Records drawn from a dataset:
-- Opening Marker --

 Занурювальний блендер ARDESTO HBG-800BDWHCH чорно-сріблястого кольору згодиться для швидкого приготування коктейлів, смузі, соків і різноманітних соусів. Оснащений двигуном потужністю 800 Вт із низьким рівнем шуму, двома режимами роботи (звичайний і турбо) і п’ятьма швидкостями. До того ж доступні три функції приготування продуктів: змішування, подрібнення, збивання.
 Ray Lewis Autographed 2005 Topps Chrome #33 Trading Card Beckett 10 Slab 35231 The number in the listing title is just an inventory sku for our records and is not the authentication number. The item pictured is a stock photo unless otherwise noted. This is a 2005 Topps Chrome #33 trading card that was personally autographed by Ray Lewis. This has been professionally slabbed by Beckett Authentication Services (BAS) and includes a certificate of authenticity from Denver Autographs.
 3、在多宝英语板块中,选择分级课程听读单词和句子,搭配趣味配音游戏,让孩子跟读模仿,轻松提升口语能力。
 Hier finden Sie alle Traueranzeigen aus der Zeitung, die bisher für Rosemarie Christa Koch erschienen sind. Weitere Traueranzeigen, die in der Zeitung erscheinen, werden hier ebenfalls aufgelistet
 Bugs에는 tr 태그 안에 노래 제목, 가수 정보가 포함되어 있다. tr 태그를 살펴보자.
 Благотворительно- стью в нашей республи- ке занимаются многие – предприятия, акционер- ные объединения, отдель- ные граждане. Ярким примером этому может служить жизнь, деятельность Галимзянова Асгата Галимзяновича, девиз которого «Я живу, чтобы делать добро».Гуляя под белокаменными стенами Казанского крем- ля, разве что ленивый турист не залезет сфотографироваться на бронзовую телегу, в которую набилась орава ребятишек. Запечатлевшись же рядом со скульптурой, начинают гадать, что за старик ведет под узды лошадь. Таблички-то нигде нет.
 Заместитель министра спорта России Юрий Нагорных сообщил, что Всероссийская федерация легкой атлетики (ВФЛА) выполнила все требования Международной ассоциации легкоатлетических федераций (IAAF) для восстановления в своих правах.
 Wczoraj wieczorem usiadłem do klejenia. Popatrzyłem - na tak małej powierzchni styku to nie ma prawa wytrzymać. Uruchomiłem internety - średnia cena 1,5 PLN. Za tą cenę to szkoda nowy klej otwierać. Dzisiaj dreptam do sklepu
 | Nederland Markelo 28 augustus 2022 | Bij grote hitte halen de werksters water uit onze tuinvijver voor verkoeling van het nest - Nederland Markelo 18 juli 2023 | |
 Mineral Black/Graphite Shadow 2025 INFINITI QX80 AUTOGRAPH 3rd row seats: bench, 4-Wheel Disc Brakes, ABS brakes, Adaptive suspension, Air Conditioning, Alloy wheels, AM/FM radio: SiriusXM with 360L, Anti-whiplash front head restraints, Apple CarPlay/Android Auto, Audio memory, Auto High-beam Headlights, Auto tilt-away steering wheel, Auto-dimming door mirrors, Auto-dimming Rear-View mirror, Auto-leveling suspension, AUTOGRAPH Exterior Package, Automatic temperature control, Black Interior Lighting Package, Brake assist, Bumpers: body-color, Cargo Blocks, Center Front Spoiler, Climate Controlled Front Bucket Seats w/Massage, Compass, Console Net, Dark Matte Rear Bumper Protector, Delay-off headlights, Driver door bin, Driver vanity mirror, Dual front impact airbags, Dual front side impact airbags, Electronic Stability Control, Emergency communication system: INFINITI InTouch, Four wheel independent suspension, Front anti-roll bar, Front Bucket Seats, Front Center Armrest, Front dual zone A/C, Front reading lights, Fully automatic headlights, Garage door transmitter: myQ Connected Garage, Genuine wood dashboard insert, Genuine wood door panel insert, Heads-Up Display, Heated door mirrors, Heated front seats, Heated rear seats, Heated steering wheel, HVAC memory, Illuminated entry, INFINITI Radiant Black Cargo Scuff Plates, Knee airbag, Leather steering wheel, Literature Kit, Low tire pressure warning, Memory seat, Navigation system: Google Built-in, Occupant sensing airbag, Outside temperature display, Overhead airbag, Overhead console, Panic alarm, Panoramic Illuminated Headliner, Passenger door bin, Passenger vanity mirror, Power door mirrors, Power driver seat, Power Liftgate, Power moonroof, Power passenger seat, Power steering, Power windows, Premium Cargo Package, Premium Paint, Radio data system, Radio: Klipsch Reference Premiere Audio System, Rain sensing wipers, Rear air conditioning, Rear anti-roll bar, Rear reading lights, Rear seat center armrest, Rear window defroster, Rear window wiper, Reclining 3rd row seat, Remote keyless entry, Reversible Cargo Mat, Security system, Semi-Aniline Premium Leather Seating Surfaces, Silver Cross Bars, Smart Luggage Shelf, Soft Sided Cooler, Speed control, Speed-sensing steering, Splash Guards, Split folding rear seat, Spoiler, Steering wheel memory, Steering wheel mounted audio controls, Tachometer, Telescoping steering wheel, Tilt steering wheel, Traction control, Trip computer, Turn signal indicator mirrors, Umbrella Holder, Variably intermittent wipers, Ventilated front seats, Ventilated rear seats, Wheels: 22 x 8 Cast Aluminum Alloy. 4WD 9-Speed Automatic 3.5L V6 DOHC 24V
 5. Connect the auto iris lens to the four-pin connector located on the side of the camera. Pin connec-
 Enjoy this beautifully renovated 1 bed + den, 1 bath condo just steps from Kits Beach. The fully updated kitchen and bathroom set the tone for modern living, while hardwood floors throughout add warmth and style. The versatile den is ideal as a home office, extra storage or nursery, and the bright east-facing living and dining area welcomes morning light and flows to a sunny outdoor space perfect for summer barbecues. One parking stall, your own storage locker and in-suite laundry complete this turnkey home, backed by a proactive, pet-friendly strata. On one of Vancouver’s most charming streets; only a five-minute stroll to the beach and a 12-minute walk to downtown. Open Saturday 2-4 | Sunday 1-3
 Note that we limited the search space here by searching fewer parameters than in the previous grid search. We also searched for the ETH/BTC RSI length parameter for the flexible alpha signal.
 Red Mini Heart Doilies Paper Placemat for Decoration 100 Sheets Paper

-- Closing Marker --

(WORK REQUEST)
Lines above with "space" in them are the ones to copy.

(EXPECTED ANSWER)
 Enjoy this beautifully renovated 1 bed + den, 1 bath condo just steps from Kits Beach. The fully updated kitchen and bathroom set the tone for modern living, while hardwood floors throughout add warmth and style. The versatile den is ideal as a home office, extra storage or nursery, and the bright east-facing living and dining area welcomes morning light and flows to a sunny outdoor space perfect for summer barbecues. One parking stall, your own storage locker and in-suite laundry complete this turnkey home, backed by a proactive, pet-friendly strata. On one of Vancouver’s most charming streets; only a five-minute stroll to the beach and a 12-minute walk to downtown. Open Saturday 2-4 | Sunday 1-3
 Note that we limited the search space here by searching fewer parameters than in the previous grid search. We also searched for the ETH/BTC RSI length parameter for the flexible alpha signal.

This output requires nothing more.